Best ways to exchange currency

Posted on Posted in Travel Tips

When traveling to Germany, you’ll definitely want to have some cash on hand. Credit cards aren’t nearly as ubiquitous as they are in the states, and many stores and vendors still don’t accept them. Exchanging currency can be a bit perplexing when doing it for the first time. The first time I went to Germany (which was the first time I had traveled abroad), I really had no idea what I was doing, and I definitely lost a bit of money because of it.

After countless overseas trips, though, my husband and I have gotten exchanging currency down to an art. I realize that everyone’s situation is different: different banks have different policies, and everyone has different amounts of time they can spend on preparing for trips. Therefore, I’ve listed several different ways to exchange currency with pros and cons of each.
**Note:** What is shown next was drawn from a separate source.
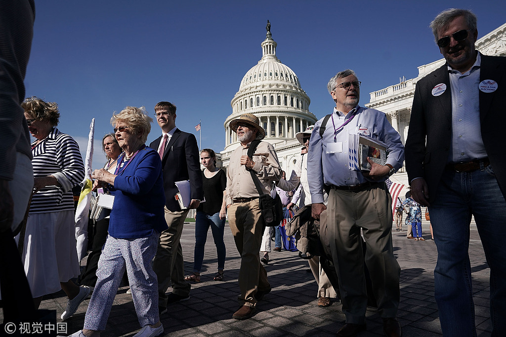 当地时间2018年6月25日,美国华盛顿,在国会山举行的前往参议院哈特办公大楼的游行。示威者敦促国会支持修复美国宪法修正案,以控制政治上的巨额财富,遏制重新划分选区过程中的不公平事件。Alex Wong/视觉中国
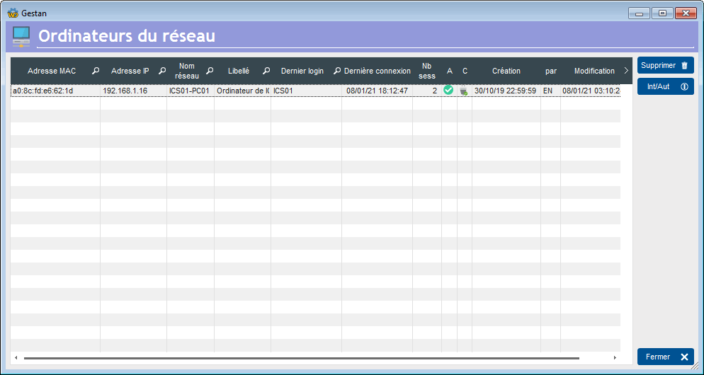 The Int/Aut button allows you to manage connection authorizations by MAC address: you can prohibit or authorize each machine on the network to connect to the Gestan database. Column A indicates the connection authorization status for the MAC address in question.

  1. ATM: Our preferred way is to simply wait until we get there and get money from the ATM. Especially if your bank doesn’t charge ATM fees, this is probably one of the cheapest ways to get euros for spending. It’s possible you may still have to pay the fee that the ATM itself charges, but it’s usually not too expensive. When we withdraw euros from the ATM, we pay a $5.00 fee for using a foreign ATM and a negligible foreign currency conversion fee (usually under $2 or $3). Nowadays when we’re in Berlin, we wait until we get there to withdraw or exchange any money at all. We usually take some out of the ATM either at the airport or at a bank near our final destination. I believe you can buy a public transportation ticket with a credit card at the airport, so it’s okay to wait until you get where you’re going, too. Pros: You get the exchange rate as is without paying a higher rate like you would at the airport, and the fees that do exist are usually minimal. Cons: Some people would feel better about having money in-hand before landing in a foreign country, so if that would make you feel better, keep reading!
  2. Your bank: You can always exchange currency or buy it from your bank. Depending on your bank, this can be a pretty good option. However, I’d recommend looking up the exchange rate and comparing it to the rate that your bank will give you. I found that although our bank doesn’t charge any fees or commission to exchange currency, the exchange rate they offered us had us losing about 20 more cents on the dollar! Some banks might not do that, so it’s definitely worth checking into. Pros: You might be able to avoid fees, and you can have cash in-hand before you go. Great for sticking to your budget! Cons: You might pay more when all is said and done because of the exchange rate you get.
  3. Using your credit or debit card directly: This is a good option, but it’s not always possible. Some restaurants, especially in the tourist-heavy areas of Berlin, accept credit cards, and most clothing stores do, too. Your card will have to have the security chip on it to be compatible with their systems. Pros: You will avoid most fees, except maybe a negligible currency conversion fee at your bank. Cons: Most places (stores, restaurants, and street vendors) don’t accept credit cards, so having cash is still a must.
  4. Currency exchange stands at the airport and in the city: I would avoid this at all costs. They most certainly don’t give you the best exchange rate, and they typically charge fees and/or a commission. Pros: None, not even convenience. ATMs are equally easy to find in all cities. Cons: You’ll pay way too much.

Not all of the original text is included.